FOIA Advisor

Monthly Roundup: May 2026

Monthly Roundup (2026)Allan BlutsteinComment

Below is a summary of the notable FOIA court decisions and news from last month, as well as a look ahead to FOIA events in June.

Court opinions

We identified and summarized 15 opinions in May. Of note, in Mora v. U.S. Customs & Border Prot. (D.D.C. May 18), the court granted summary judgment to CBP in a case brought by immigration attorneys alleging that the agency maintained an unlawful policy or practice of ignoring FOIA deadlines. The court found that CBP's backlog resulted from "exceptional circumstances" rather than deliberate noncompliance, and declined to follow two Northern District of California decisions that had applied the Ninth Circuit's different policy-or-practice standard.

Also of interest was Alper v. DOJ (D.D.C. May 14), in which the court ruled that the public interest in corroborating a death-row inmate's innocence claim outweighed the privacy interests of FBI agents, private individuals, and hotel guests whose statements supported that claim, ordering disclosure of all three categories of records.

Top news

  • On May 7th, DOJ/OIP announced that all agencies had finalized their FY 2025 Annual FOIA reports. Government-wide, agencies received 1,707,197 requests — a 13.7% increase over FY 2024 — and processed a record-high 1,635,055 requests. The backlog, however, grew 28.2% to 339,671 requests, while total FOIA staffing fell 14.3% to 4,823 full-time employees.

  • Also on May 7th, a federal jury convicted Sohaib Akhter of Alexandria, Virginia, on charges of conspiracy to commit computer fraud, password trafficking, and possession of a firearm by a prohibited person. Akhter and his twin brother worked for a company that provided software and services to more than 45 federal agencies, including case management and FOIA database software.
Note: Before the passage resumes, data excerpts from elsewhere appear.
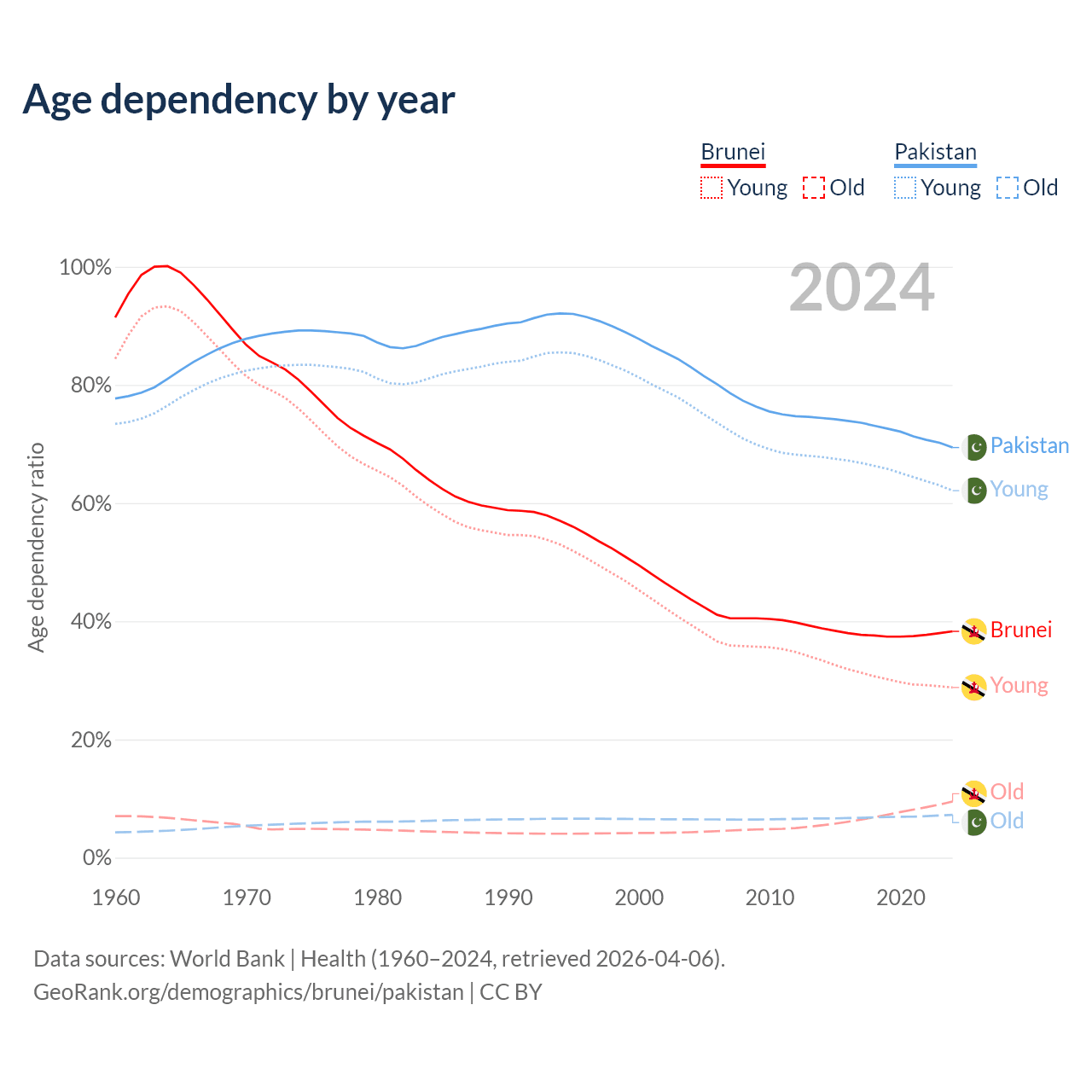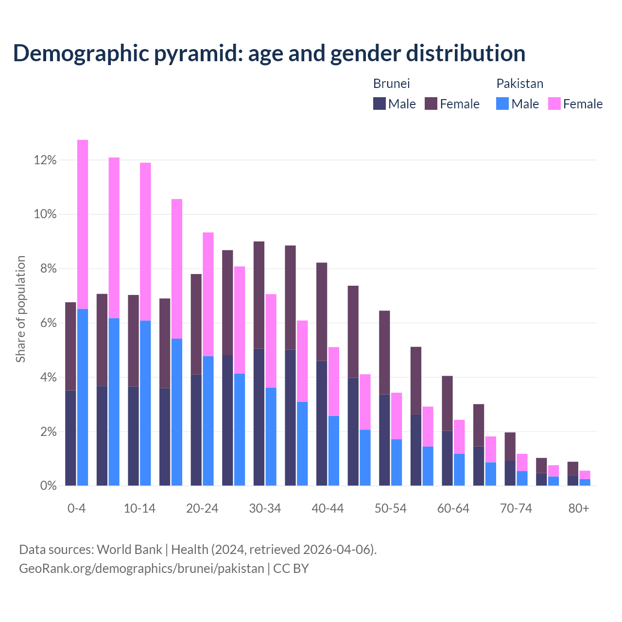 - The share of old-age demographic (65+) in Brunei is 6.87% vs 4.28% in Pakistan.
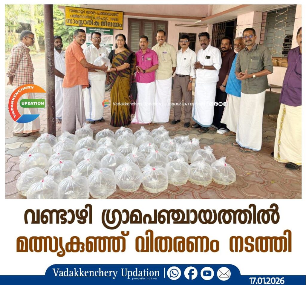 വണ്ടാഴി ഗ്രാമപഞ്ചായത്തിൽ ഫിഷറീസ് വകുപ്പും വണ്ടാഴി ഗ്രാമപഞ്ചായത്തും സംയുക്തമായി സ്വകാര്യ കുളങ്ങളിലേക്കുള്ള മത്സ്യകുഞ്ഞ് വിതരണം നടത്തി. പരിപാടിയുടെ ഉദ്ഘാടനം ഗ്രാമപഞ്ചായത്ത് പ്രസിഡന്റ് ശാരദ ഗോപിനാഥ് നിർവഹിച്ചു. വൈസ് പ്രസിഡന്റ് എസ്. സന്തോഷ് അധ്യക്ഷത വഹിച്ചു. പഞ്ചായത്ത് സെക്രട്ടറി സജീവ് കുമാർ, കെ.എൽ. രമേഷ്, മെമ്പർമാരായ ആർ. സുരേഷ്, ഡിനോയ് കോമ്പാറ, പ്രമോദ് തണ്ടലോട്, കലാധരൻ എന്നിവർ പരിപാടിയിൽ പങ്കെടുത്തു
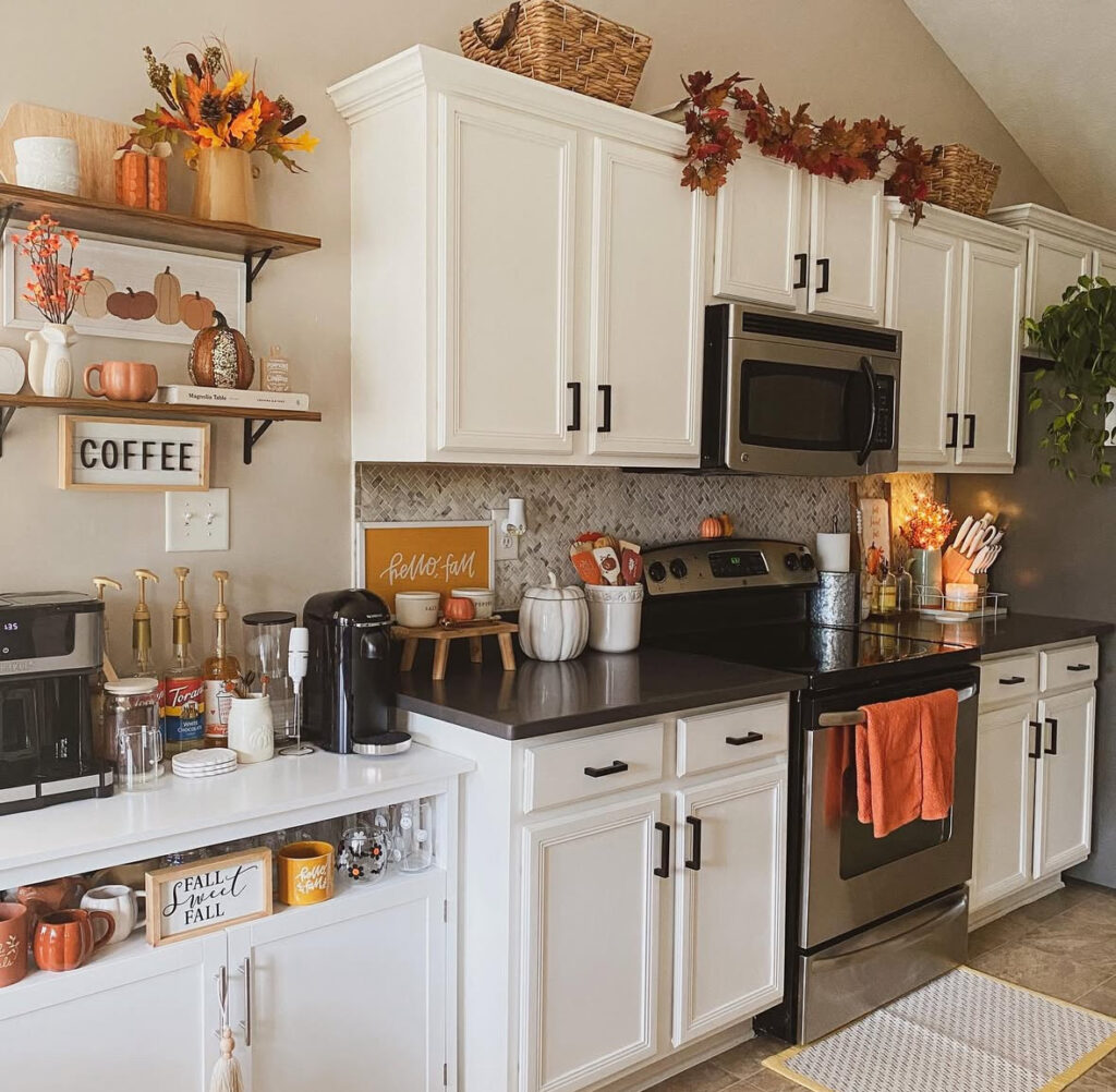 I love a seasonal coffee zone—line up syrups and mugs, tuck a mini sign in, then run a skinny garland across the top cabinets. It’s practical fall decor in kitchen land, and those shelves prove that a few pumpkins go a long way for the shelf/cabinet decor.

The brothers sought to harm their employer and its government customers by accessing computers without authorization and deleting approximately 96 FOIA and other government databases.

  • Former President Biden sued the Justice Department on May 27th to block release of audio recordings and transcripts from his 2017 interviews with his memoir ghostwriter, which the Heritage Foundation had sought under FOIA. Biden's filing argued that the DOJ was abandoning "core tenets of American justice" by disclosing his "private information." The dispute connects to FOIA litigation the Heritage Foundation filed in 2024 seeking materials from Special Counsel Robert Hur's investigation into Biden's handling of classified documents.

June events

June 1: Deadline for nominations for 2026-2028 FOIA Advisory Committee

June 3: DOJ/OIP, Exemption 1 and Exemption 7 Training

June 11: FOIA Advisory Committee meeting.